Documentation
¶
Overview ¶
Package batcher implements a continuous batching scheduler for inference serving. (Stability: beta)
Package batcher implements a continuous batching scheduler for inference serving.
Unlike fixed-batch schedulers that pad all sequences to the same length and wait for the entire batch to finish, a continuous batching scheduler:
- Assembles variable-length (ragged) batches each step with zero padding.
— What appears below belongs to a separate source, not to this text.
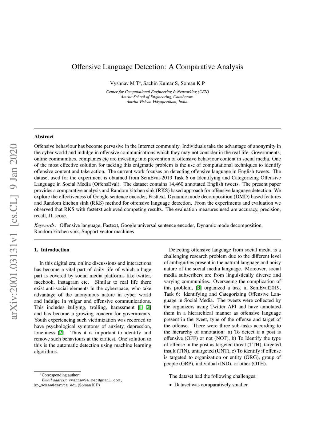 Offensive behaviour has become pervasive in the Internet community. Individuals take the advantage of anonymity in the cyber world and indulge in offensive communications which they may not consider in the real life. Governments, online communities, companies etc are investing into prevention of offensive behaviour content in social media. One of the most effective solution for tacking this enigmatic problem is the use of computational techniques to identify offensive content and take action. The current work focuses on detecting offensive language in English tweets. The dataset used for the experiment is obtained from SemEval-2019 Task 6 on Identifying and Categorizing Offensive Language in Social Media (OffensEval). The dataset contains 14,460 annotated English tweets. The present paper provides a comparative analysis and Random kitchen sink (RKS) based approach for offensive language detection. We explore the effectiveness of Google sentence encoder, Fasttext, Dynamic mode decomposition (DMD) based features and Random kitchen sink (RKS) method for offensive language detection. From the experiments and evaluation we observed that RKS with fastetxt achieved competing results. The evaluation measures used are accuracy, precision, recall, f1-score.

- Evicts completed sequences immediately, freeing the slot for a new request.
- Fills vacated slots from the pending queue without stalling active sequences.
This approach typically achieves 2x+ throughput over fixed batching at the same concurrency because GPU cycles are never wasted on padding tokens and slots are never blocked by the slowest sequence in the batch.
Index ¶
Constants ¶
This section is empty.
Variables ¶
This section is empty.
Functions ¶
This section is empty.
Types ¶
type CompletionResult ¶
CompletionResult is delivered to the caller when a request finishes.
type Option ¶
type Option func(*Scheduler)
Option configures a Scheduler.
func WithPollInterval ¶
WithPollInterval sets how often the scheduler checks for new work when idle.
type Request ¶
type Request struct {
ID string // Caller-assigned identifier.
Tokens []int // Input token IDs (prompt).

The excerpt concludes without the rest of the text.